**Work task**:
In your transcription, keep every record exact and leave out the pictures.
- - - - -
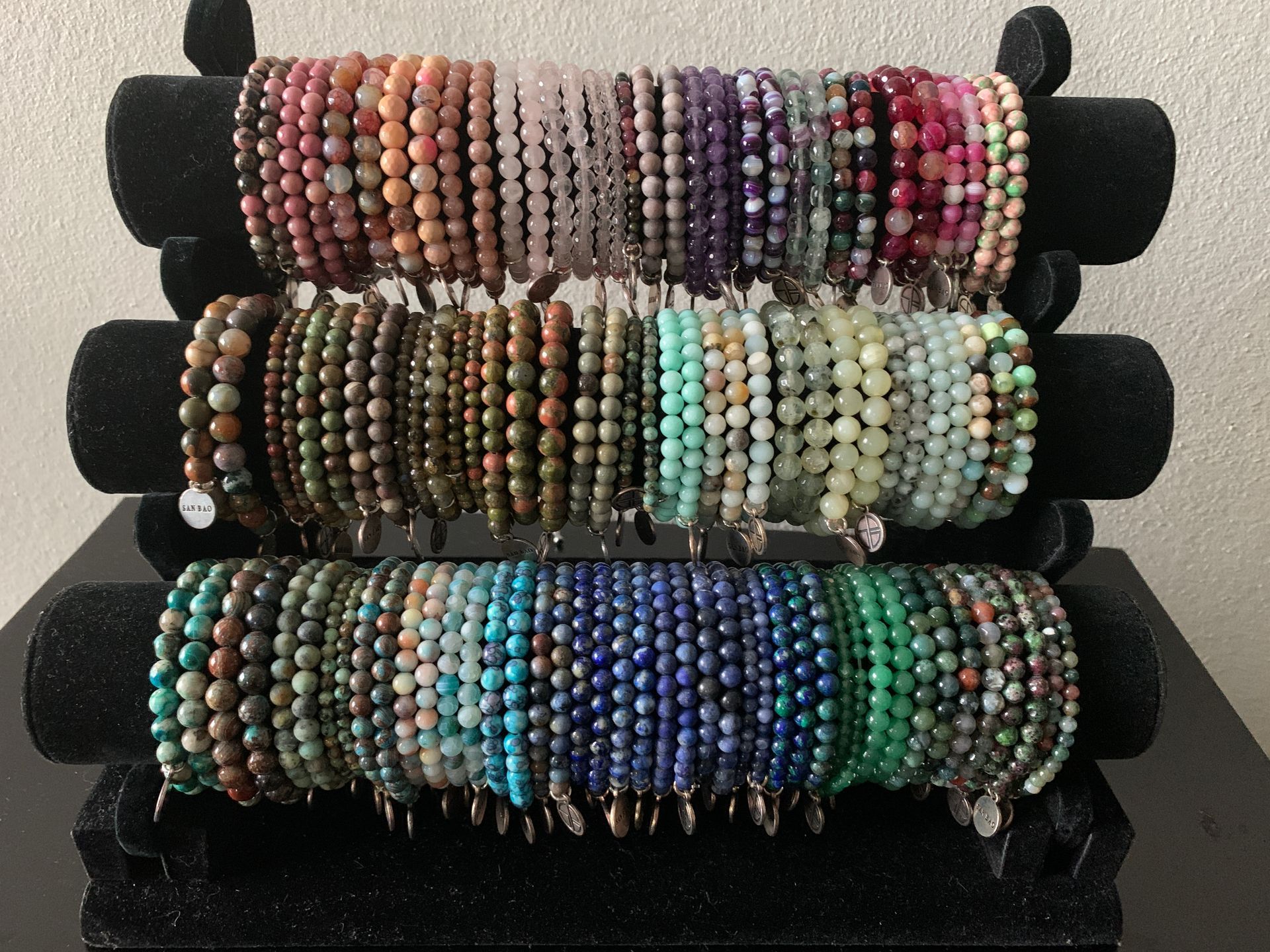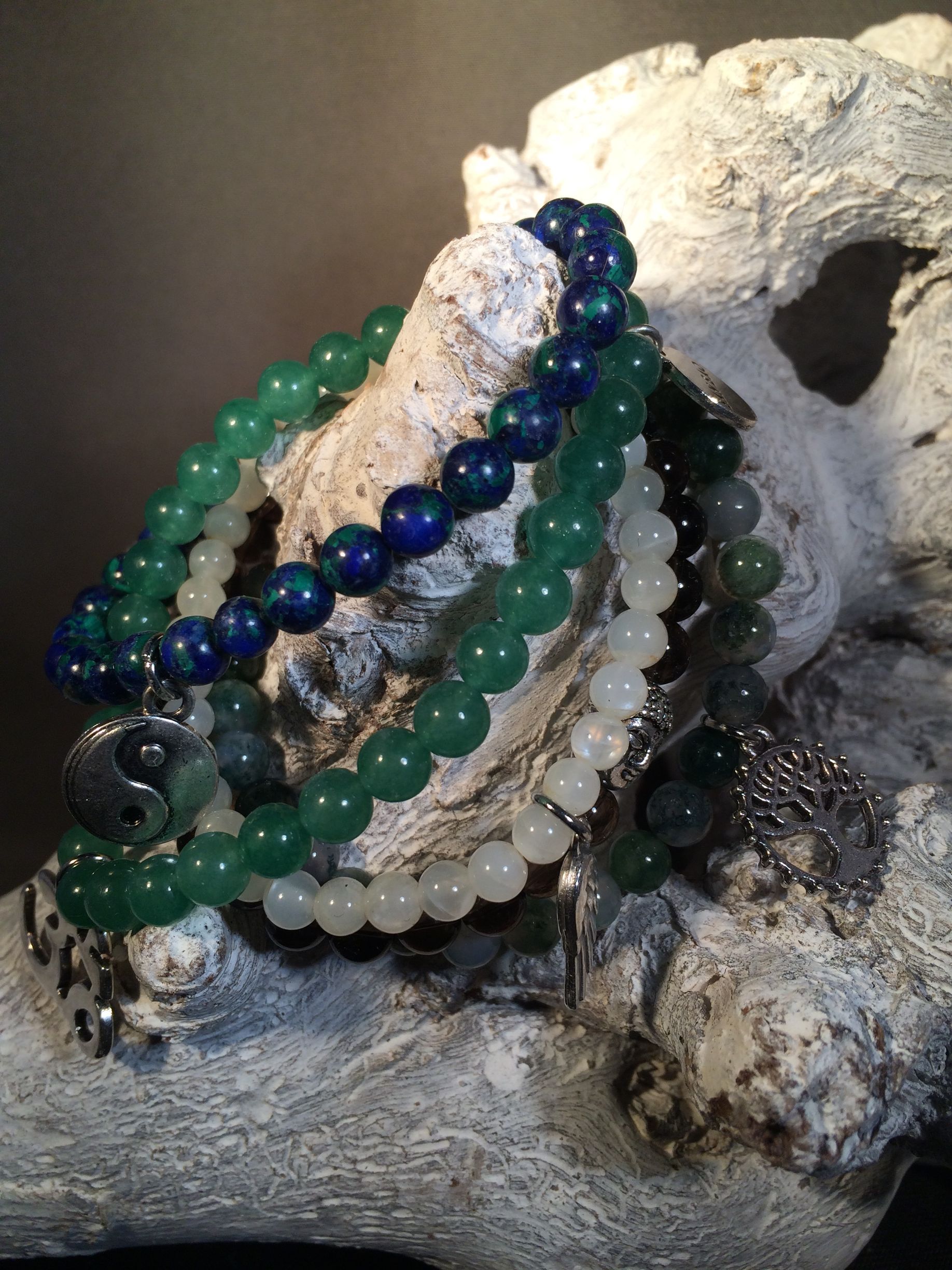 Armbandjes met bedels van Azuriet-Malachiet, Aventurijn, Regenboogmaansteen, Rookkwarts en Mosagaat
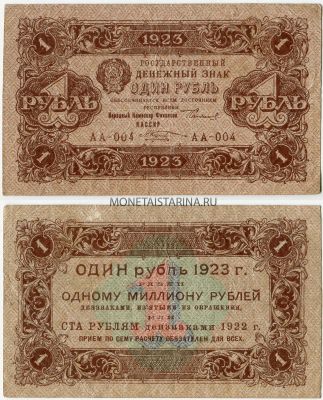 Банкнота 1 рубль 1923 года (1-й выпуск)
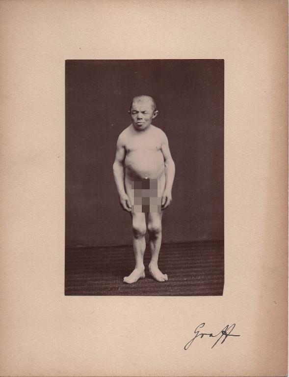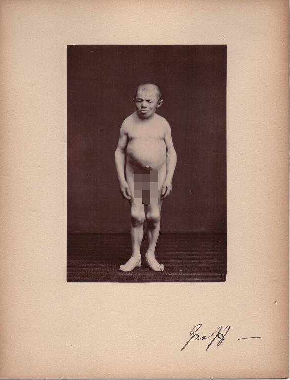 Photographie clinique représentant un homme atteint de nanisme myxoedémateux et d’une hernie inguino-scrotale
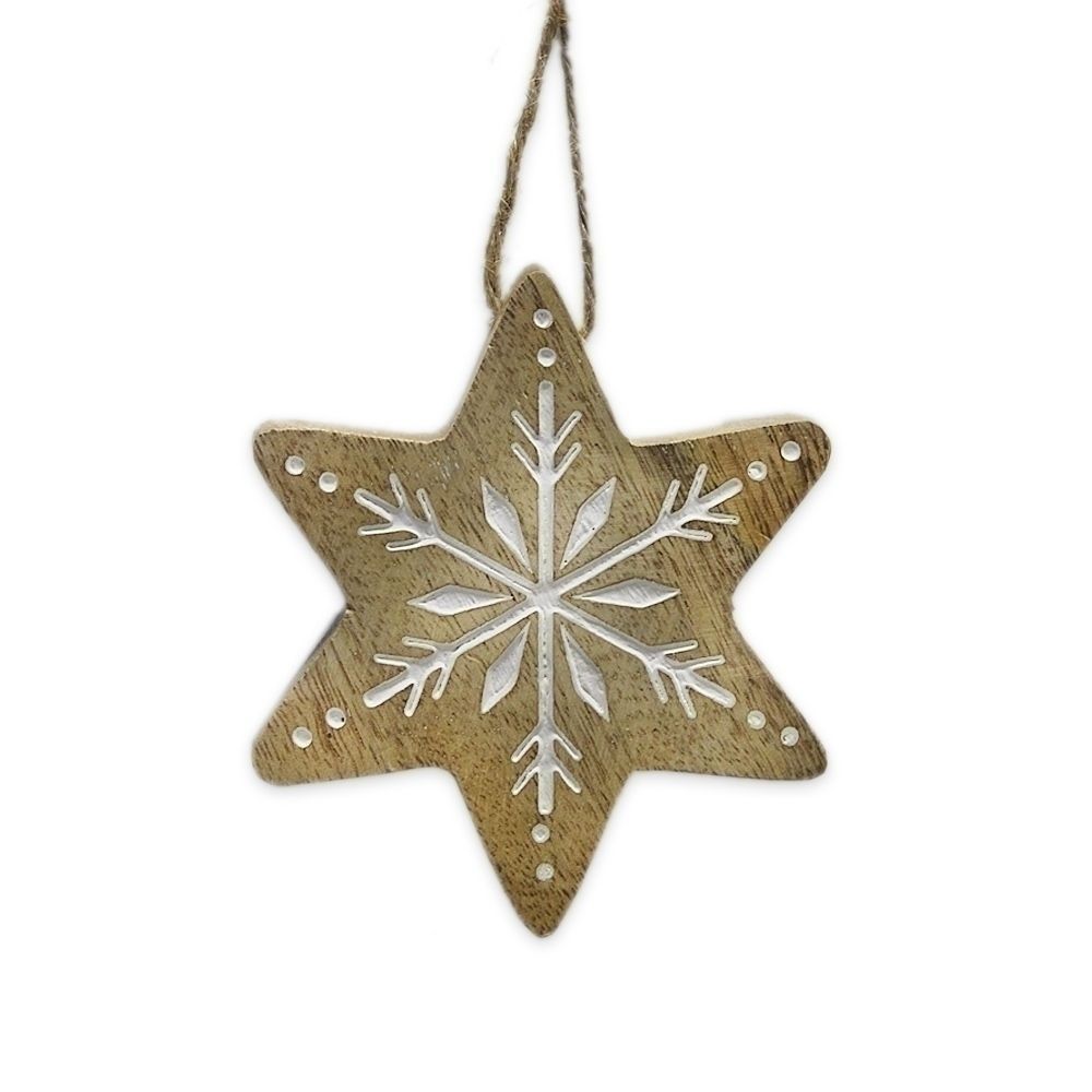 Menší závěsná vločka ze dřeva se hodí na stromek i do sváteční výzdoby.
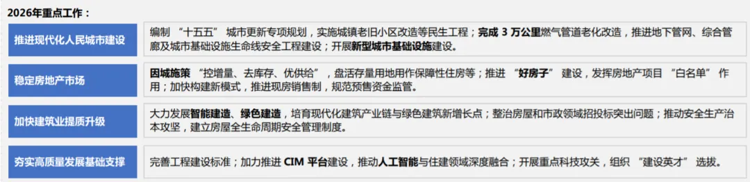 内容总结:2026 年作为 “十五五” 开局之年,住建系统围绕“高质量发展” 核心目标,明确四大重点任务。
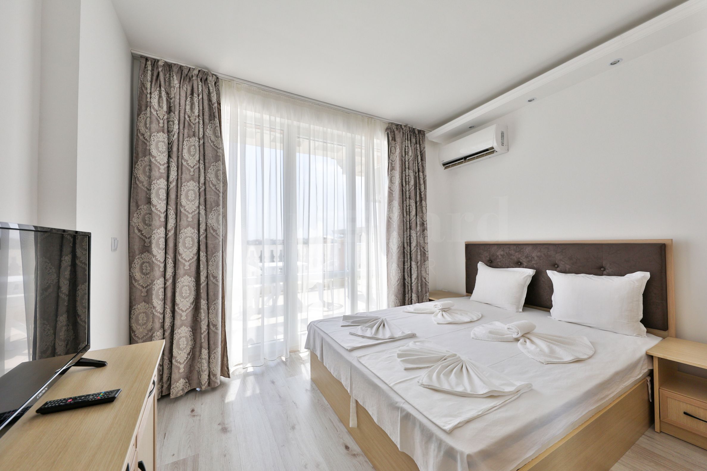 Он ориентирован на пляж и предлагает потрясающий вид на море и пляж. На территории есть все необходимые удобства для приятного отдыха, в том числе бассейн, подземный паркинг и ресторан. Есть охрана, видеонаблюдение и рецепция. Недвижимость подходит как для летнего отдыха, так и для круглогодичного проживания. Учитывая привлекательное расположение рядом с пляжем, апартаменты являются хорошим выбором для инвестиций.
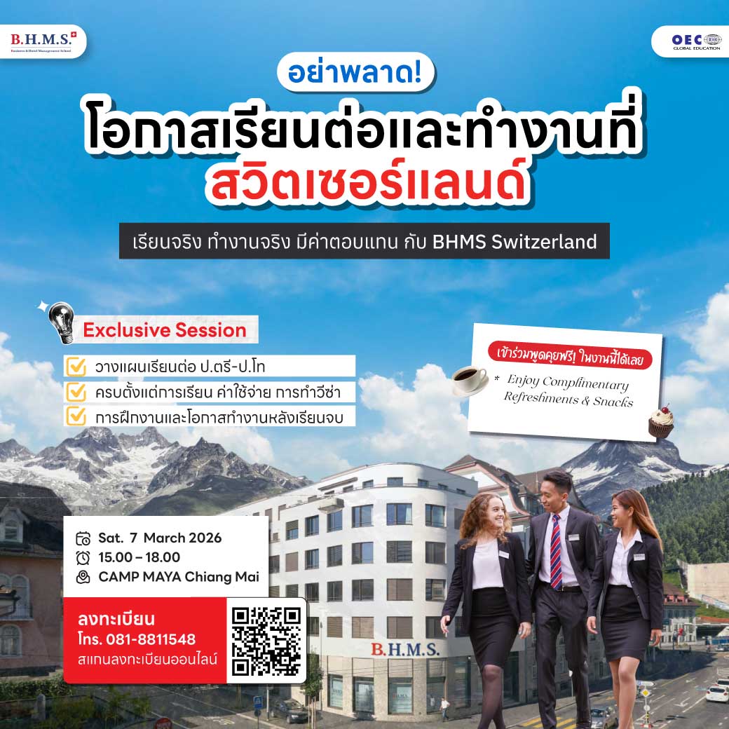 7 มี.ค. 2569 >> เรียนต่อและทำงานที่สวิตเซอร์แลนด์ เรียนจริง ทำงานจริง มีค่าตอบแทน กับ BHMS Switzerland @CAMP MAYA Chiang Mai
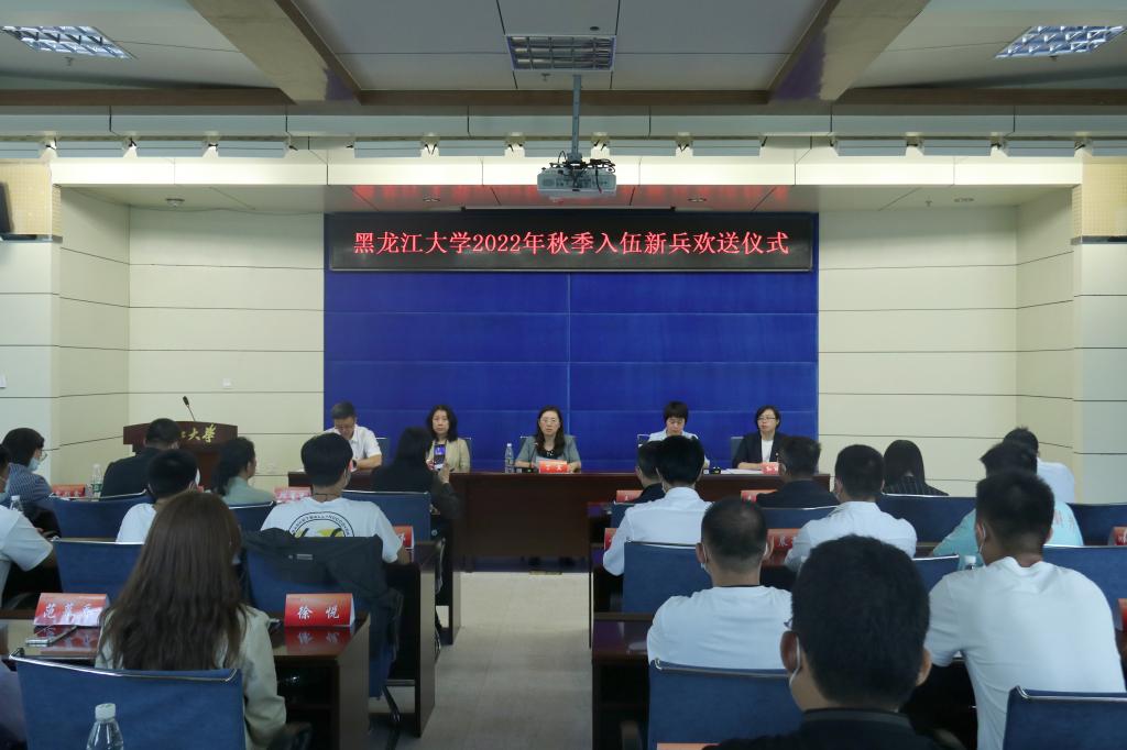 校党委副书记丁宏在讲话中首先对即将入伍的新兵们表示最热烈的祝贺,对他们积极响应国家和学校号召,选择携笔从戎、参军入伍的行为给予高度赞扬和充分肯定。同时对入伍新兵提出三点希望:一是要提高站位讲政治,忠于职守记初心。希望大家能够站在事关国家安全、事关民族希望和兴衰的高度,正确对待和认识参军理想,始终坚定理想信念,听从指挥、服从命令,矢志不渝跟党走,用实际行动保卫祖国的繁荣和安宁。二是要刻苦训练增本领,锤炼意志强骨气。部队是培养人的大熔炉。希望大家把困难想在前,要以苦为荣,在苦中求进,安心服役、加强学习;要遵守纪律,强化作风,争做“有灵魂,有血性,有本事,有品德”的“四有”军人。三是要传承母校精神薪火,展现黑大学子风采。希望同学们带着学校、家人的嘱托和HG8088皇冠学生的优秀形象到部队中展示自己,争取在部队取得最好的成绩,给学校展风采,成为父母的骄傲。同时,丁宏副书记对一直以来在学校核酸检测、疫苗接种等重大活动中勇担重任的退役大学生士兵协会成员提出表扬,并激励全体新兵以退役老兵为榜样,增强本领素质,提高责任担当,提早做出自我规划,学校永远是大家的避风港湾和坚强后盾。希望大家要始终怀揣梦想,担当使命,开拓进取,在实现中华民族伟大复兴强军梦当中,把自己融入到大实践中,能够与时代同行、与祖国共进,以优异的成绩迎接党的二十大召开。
- - - - -
**Result**:
 Armbandjes met bedels van Azuriet-Malachiet, Aventurijn, Regenboogmaansteen, Rookkwarts en Mosagaat
 Банкнота 1 рубль 1923 года (1-й выпуск)
 Photographie clinique représentant un homme atteint de nanisme myxoedémateux et d’une hernie inguino-scrotale
 Menší závěsná vločka ze dřeva se hodí na stromek i do sváteční výzdoby.
 内容总结:2026 年作为 “十五五” 开局之年,住建系统围绕“高质量发展” 核心目标,明确四大重点任务。
 Он ориентирован на пляж и предлагает потрясающий вид на море и пляж. На территории есть все необходимые удобства для приятного отдыха, в том числе бассейн, подземный паркинг и ресторан. Есть охрана, видеонаблюдение и рецепция. Недвижимость подходит как для летнего отдыха, так и для круглогодичного проживания. Учитывая привлекательное расположение рядом с пляжем, апартаменты являются хорошим выбором для инвестиций.
 7 มี.ค. 2569 >> เรียนต่อและทำงานที่สวิตเซอร์แลนด์ เรียนจริง ทำงานจริง มีค่าตอบแทน กับ BHMS Switzerland @CAMP MAYA Chiang Mai
 校党委副书记丁宏在讲话中首先对即将入伍的新兵们表示最热烈的祝贺,对他们积极响应国家和学校号召,选择携笔从戎、参军入伍的行为给予高度赞扬和充分肯定。同时对入伍新兵提出三点希望:一是要提高站位讲政治,忠于职守记初心。希望大家能够站在事关国家安全、事关民族希望和兴衰的高度,正确对待和认识参军理想,始终坚定理想信念,听从指挥、服从命令,矢志不渝跟党走,用实际行动保卫祖国的繁荣和安宁。二是要刻苦训练增本领,锤炼意志强骨气。部队是培养人的大熔炉。希望大家把困难想在前,要以苦为荣,在苦中求进,安心服役、加强学习;要遵守纪律,强化作风,争做“有灵魂,有血性,有本事,有品德”的“四有”军人。三是要传承母校精神薪火,展现黑大学子风采。希望同学们带着学校、家人的嘱托和HG8088皇冠学生的优秀形象到部队中展示自己,争取在部队取得最好的成绩,给学校展风采,成为父母的骄傲。同时,丁宏副书记对一直以来在学校核酸检测、疫苗接种等重大活动中勇担重任的退役大学生士兵协会成员提出表扬,并激励全体新兵以退役老兵为榜样,增强本领素质,提高责任担当,提早做出自我规划,学校永远是大家的避风港湾和坚强后盾。希望大家要始终怀揣梦想,担当使命,开拓进取,在实现中华民族伟大复兴强军梦当中,把自己融入到大实践中,能够与时代同行、与祖国共进,以优异的成绩迎接党的二十大召开。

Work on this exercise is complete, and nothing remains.